Remember how I said I use Charles Schwab as my brokerage? They offer a free robo-advisor which I take advantage of. The only requirement is a $5,000 opening balance.

Another advantage is the lower expense ratio for index funds and robo-advisors. Because these are passively managed funds, they are incredibly cheap, so less of your money is spent by the fund to line their pockets.

You don’t need to be an expert stock investor. seriously.

8. Experiment with Real Estate Crowdfunding

Traditional real estate investing takes a lot of time, money and skill. Even if you use tricks to flip houses with no money, it increases your risk.

With $10,000 in the bank, you probably don’t have enough to go out and buy a rental property or flip a house. But you have a lot to invest in real estate crowdfunding platforms.

In fact, many crowdfunding platforms let you start with as little as $10 to $100. This means you can dip your toe in the water and see how you like it before spending more money.

For example, both Groundfloor and Fundrise let you invest with as little as $10. Concreit lets you invest with as little as $1. You can buy fractional shares in rental properties for $20 on Ark7 or $100 on Arrived.

At one time, people had to buy shares in publicly traded REITs as the only low-cost option for adding real estate to their portfolios. But public REITs share too high a correlation with stock markets to provide greater diversification benefits, so I prefer real estate crowdfunding as a low-correlation alternative.

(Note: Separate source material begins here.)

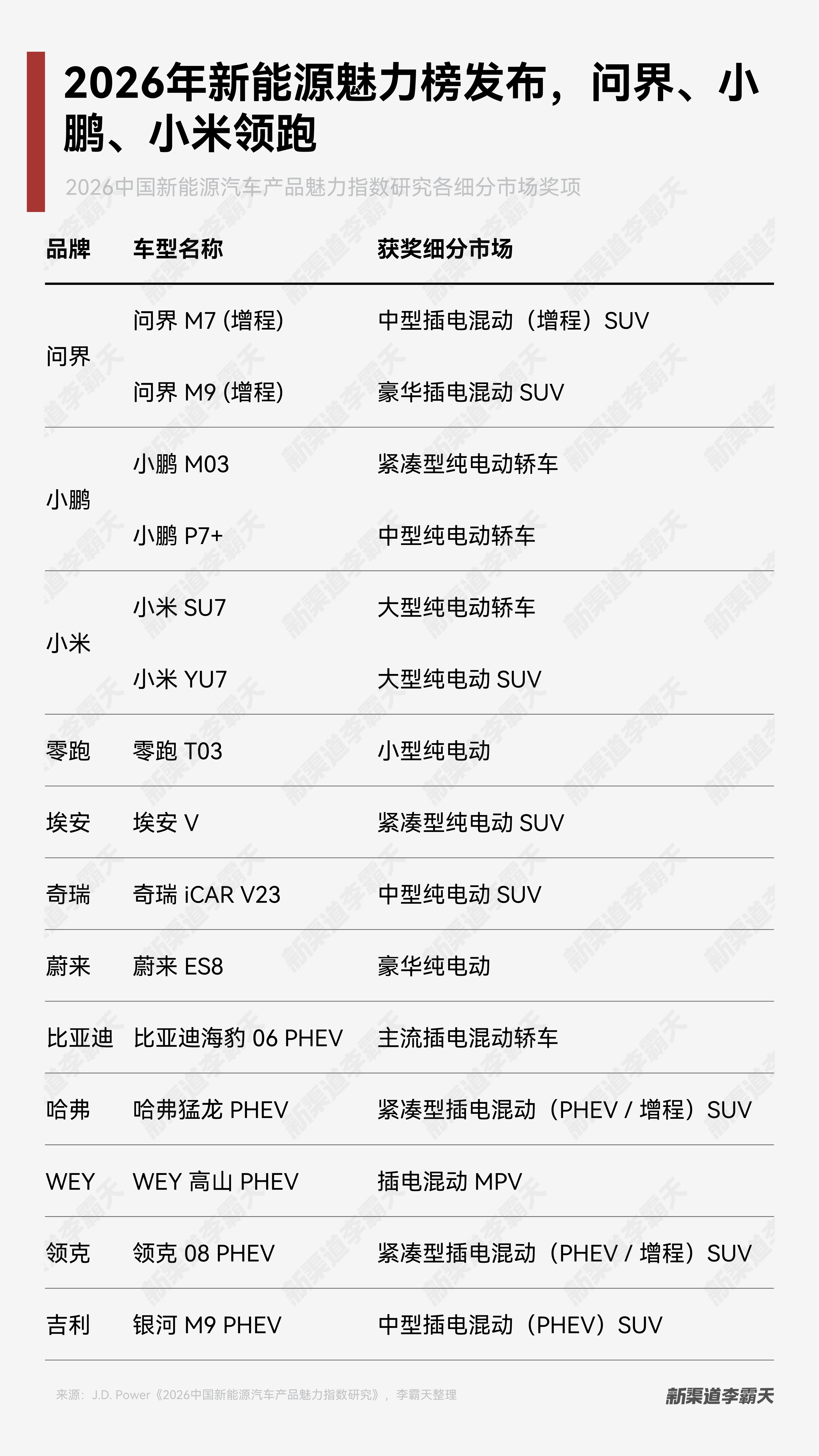 2026中国新能源汽车产品魅力指数研究发布,问界、小鹏、小米领跑~

9. Think Big: Plan Your Fire Escape

When you are in debt, you tend to think defensively. You only think about how to get out of that debt – it’s hard to think about the big picture of wealth building and passive income or retirement planning.

But as you leave behind high-interest loans and rack up your bank account balance, you may be asking the big questions. For example, when do you want to retire? You’d be surprised to know that with a high enough savings rate, you can basically retire at any time you’d like. I once calculated that if you saved 90% of your income and invested it at 10% annual return it would take about five years to retire.

Of course, most of us don’t want to live on only 10% of our paychecks, but the point remains. You are in the driver’s seat; You control how fast you build wealth and how fast you generate passive income from your paycheck.

Financial Freedom

Because when your investments generate enough passive income to cover your living expenses, your job becomes optional. This is called Financial Independence (FI), which is sometimes expanded to Financial Independence/Retire Early (FIRE).

As you become a more sophisticated investor, you can explore advanced planning tools like the Roth conversion ladder to quickly access your IRA funds or invest in real estate with a self-directed IRA. Instead of the typical 7% to 10% return earned by stocks in an average year, you can learn how to invest in real estate syndication for 15% to 30% returns. And when you become an Accredited Investor, a whole new world of private equity investing opens up to you.

But don’t worry about it now. Simply start by deciding when you want to achieve financial independence and work backward from there to determine how much of each paycheck you need to save and invest.

final thoughts

It’s all too easy to get overwhelmed with investing and personal finance questions.

Start by setting aside $1,000 in your emergency fund and maxing out employer contributions. Then, if you have high-interest debt, focus on paying it off. After that, consider funding your IRA, perhaps letting a robo-advisor handle the investments for you.

Don’t stress about it. If this starts to feel like a to-do list, just think of the list above as ideas and suggestions to get you started.

And when in doubt, ask for help. No one is born knowing how to manage money or investing – you learn by asking other people who know more than you.